On the 14th December 2018 the Planning Inspectorate accepted the application for Cleve Hill Solar Park. Kent Wildlife Trust has registered as an Interested Party and will be taking pert in the examination. The timetable for the examination is yet to be decided.
The Planning Inspectorate's page for the project can be viewed HERE.
Kent Wildlife Trust still has concerns regarding the validity of the science being used to justify the area of mitigation, and believe less of the area will be functional than is being argued. The area also has immense potential for habitat creation to restore lost habitats of the Swale. We therefore remain opposed to this development.
What is it?
Cleve Hill Solar Park is a proposed development of solar photovoltaic (solar panels) covering an area of approximately 360 hectares (890 acres).
Where is it?
The proposed site is located on the north Kent coast, roughly 1 mile northeast of Faversham, 3 miles west of Whitstable and situated closest to the village of Graveney.

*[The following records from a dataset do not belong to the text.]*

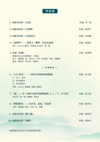 音乐会上,乐团将携手当代作曲家,推出兼具审美与学术的民族室内乐精品力作,展现作曲家们多年来对民族音乐发展的思考与展望,凝聚乐团对民族音乐的传承与创新,对新民乐的思考与探索。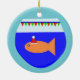 Dieser Ornament besticht durch einen lustigen orangefarbenen Weihnachtsgoldfisch, der eine festliche Weihnachtsmannmütze trägt. Der Goldfisch schwimmt im blauen Wasser seiner Goldfischschüssel. Der Fisch hat oben auf der Schüssel mit roten und grünen Fahnen geschmückt, die die Nachricht "Merry Fishmas" ausdrücken. Dieser lustige saisonale Fisch ist bereit für ein großes Weihnachtsfest Party.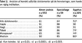 Af de 837 henvisninger med korrekt indikation indeholdt 491 (59%) samtlige ønskelige anamnestiske oplysninger. Praktiserende læger og praktiserende speciallæger var bedre til at udfylde henvisningsblanketterne, end man var på sygehusafdelingerne (Tabel 2 ). Det var især oplysninger om tobaksforbrug og menopausetidspunkt, der manglede.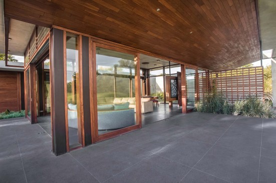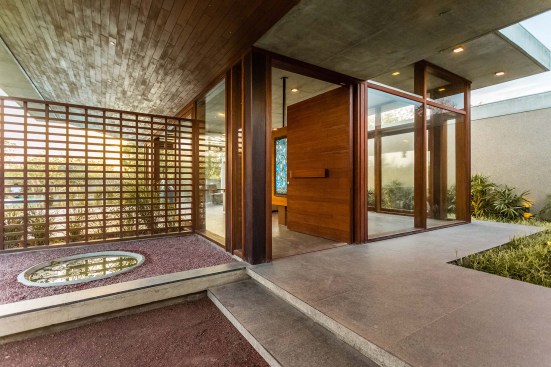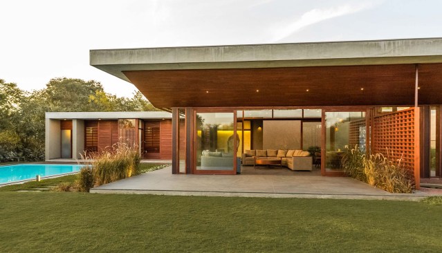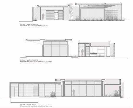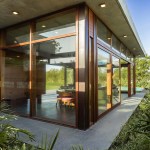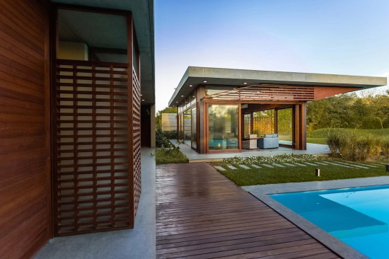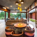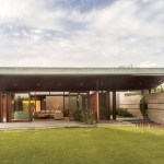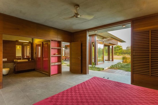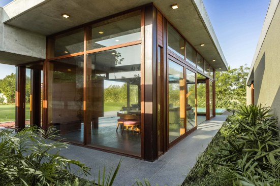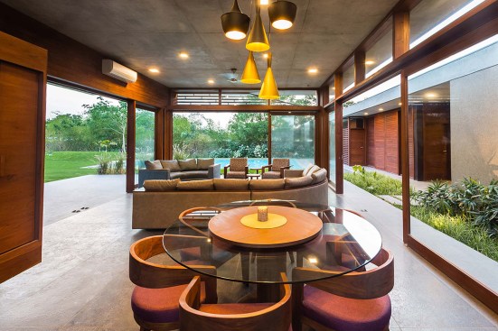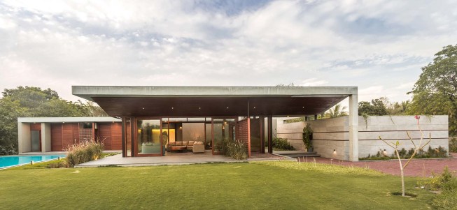 The glass pavilion is shield by the harsh sun through a deep verandah in south, an entry vestibule slab in east and through a wood screen in west.The pool located in south west part causes cool breeze to flow into the living and bedroom spaces.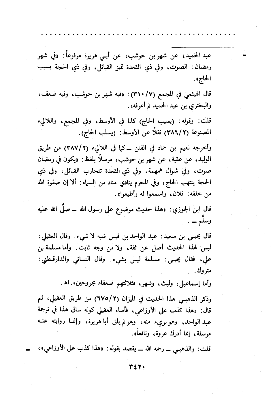 قلت: وقوله: (يسيب الحاج) كذا في الأوسط، وفي المجمع، واللآليء المصنوعة (2/ 386) نقلاً عن الأوسط: (يسلب الحاج).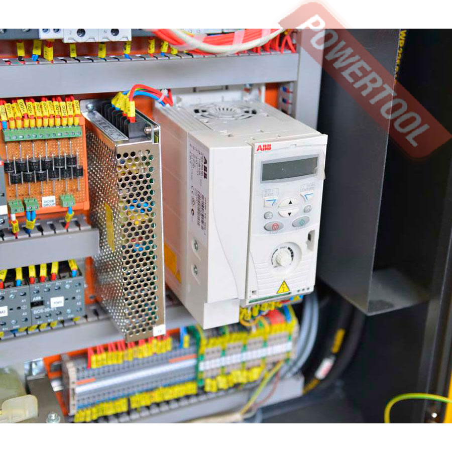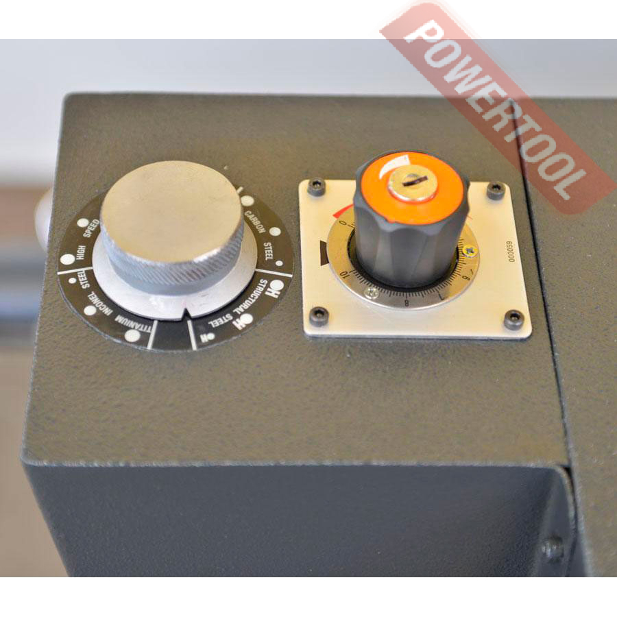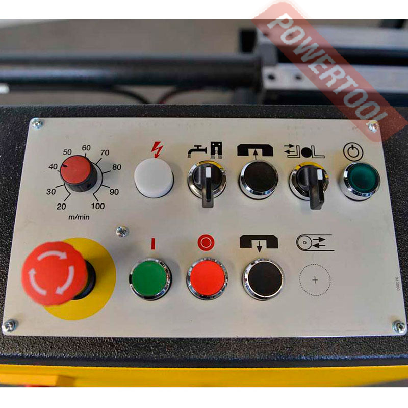 - Бесступенчатая регулировка скорости ленточнопильного полотна в стандартной комплектации. Позволяет точно настроить режимы резки под конкретную заготовку, тем самым увеличив срок службы ленточнопильного полотна.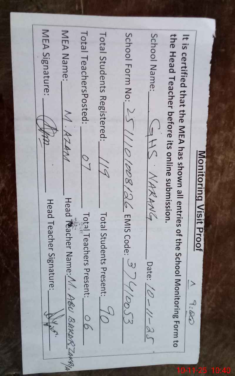 | EMIS Code: 37410053 | Name of School: GHS NARANG CHAKWAL | |||
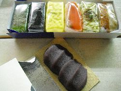 いつもいつも有難うございます!K様からお寿司と赤福。つまみやすいお寿司、合間合間に頂きました。しかし赤福、こーんなに可愛いサイズのがあるんですねぇ・・。ちょうど、朝イチにハナさんと和菓子食べたいですねぇ、と言ってたので、口が和菓子。以心伝心でしょうか(笑)。有難うございました。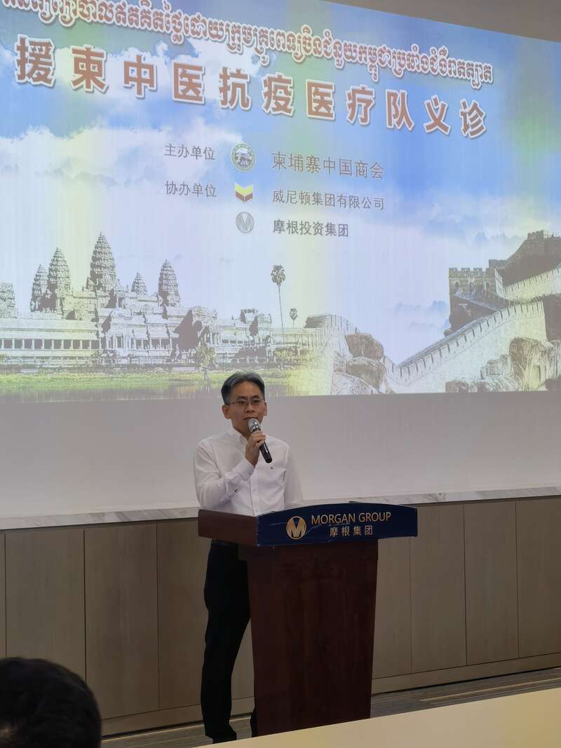 柬埔寨中国商会会长、中国工商银行金边分行行长林士强感谢中国援柬医疗队为商会企业员工进行义诊,对医疗队大力弘扬“不畏艰苦、甘于奉献、救死扶伤、大爱无疆”的中国援外医疗队精神表示高度赞赏。

It is surrounded by habitats designated for their wildlife value at a National and International level (shown in green on the map below). ‘The Swale’ has three levels of designation: Site of Special Scientific Interest, a national designation; Special Protection Area, a European designation; and Ramsar (a wetland of international importance designated under the Ramsar Convention). The Swale Estuary is also a Marine Conservation Zone (a national designation), though at present it seems unlikely the solar farm will impact on this.
How is it different from other solar parks?
Cleve Hill Solar Park is huge. It is about five times bigger than anything else currently built or planned in the UK. Most notably it is also of a very different design to other solar developments – rather than south-facing panels, they will face east and west, meaning they can be installed much closer together. This new design is likely to increase the impacts and significantly reduce the opportunities for wildlife compared to ‘traditional’ designs.
What are Kent Wildlife Trust’s concerns?
With the information we have at present, our concerns fall into three main categories: loss of ‘functionally linked’ habitat, direct impacts on the habitats within the development site, and the loss of opportunity that this area provides to the environment.
Loss of ‘functionally linked’ habitat
While the development site itself has no wildlife designations, at certain times it does support species that the surrounding habitats are designated as important for. As such, it is ‘functionally linked’ to these designated areas, and its loss may have an impact on the species in question. The developers will have to undertake a ‘Habitats Regulations Assessment’ to determine the impacts on these species, what mitigation may be necessary, and ultimately demonstrate that any impacts will not be significant. An area of mitigation for the loss of the land has bee proposed in the east of the site, though its success will depend upon achieving a high carrying capacity for the SPA species. Whether or not this capacity can be achieved is unknown.
Direct impacts on habitats within the development site
It is fairly clear that there will be a significant loss of habitat for those species that rely on the open farmland in this area, for example skylarks and yellow wagtails. There is still a lot of detail to be finalised regarding habitat creation and management in the areas not covered by solar panels.
The true value of the land
When Graveney Marshes were drained to create the arable land we see there now, a gap in the ecological network was created, and this farmland is one of the only undesignated coastal areas between Whitstable and the Medway Towns. There is huge potential for this area to be returned to nature to undo some of the damage done of the past several decades, an this is reflected in the Environment Agency's proposals to realign the cost here, producing a matrix of mudflat, saltmarsh and grazing marsh. Such a significant area surrounded by designated habitat provides one of the best opportunities we know to restore lost coastal habitats in North Kent.
Isn’t solar power good?
Kent Wildlife Trust is not opposed to solar farms, and we have extensive experience in advising on wildlife enhancements for such sites. We are also supportive of initiatives to reduce human reliance on fossil fuel energy generation. This must not be at the expense of other aspects of the natural environment, however. As with many development issues, it can be as much about ‘where’ as it is ‘what’. There are potentially significant issues with these particular proposals in this particular location, as detailed above.
Putting aside the potential impacts mentioned above for a moment, we also recognise that there may be opportunities to enhance certain areas of the site that will not end up under solar panels – the ditch network for example, and any ‘buffer’ areas.
What will Kent Wildlife Trust be doing?
As well as making sure our ability to manage South Swale Nature Reserve isn’t compromised (and ideally is improved), we will be scrutinising the survey work to ensure it is adequate and appropriate to assess the impacts of these proposals on the wildlife and habitats within and around it. We will be seeking to influence any decisions made to get the best possible outcome for wildlife. This is a very important area for wildlife, we need to ensure that it stays that way and becomes richer and better for nature in the future. We site on a 'Habitat Management Steering Group' convened by the applicant, alongside Natural England and the RSPB.
A 'Phase 2 Public Consultation' ran from the 31st May to the 13th July 2018. Kent Wildlife Trust's response to this consultation can be downloaded at the bottom of this page.
What can other people do?
These proposals have been classed as a Nationally Significant Infrastructure Project and as such will be determined in a different way to a ‘normal’ planning application. The developer has undertaken a couple of rounds of consultation with relevant stakeholders, including local people, including a A 'Phase 2 Public Consultation' that ran from the 31st May until the 13th July 2018. The application was submitted in November 2018 and accepted in December 2018.
Planning Inspectors will then examine it, a process which may include further written representations and a hearing, and make a recommendation to the Secretary of State. The Secretary of State will then make the final decision.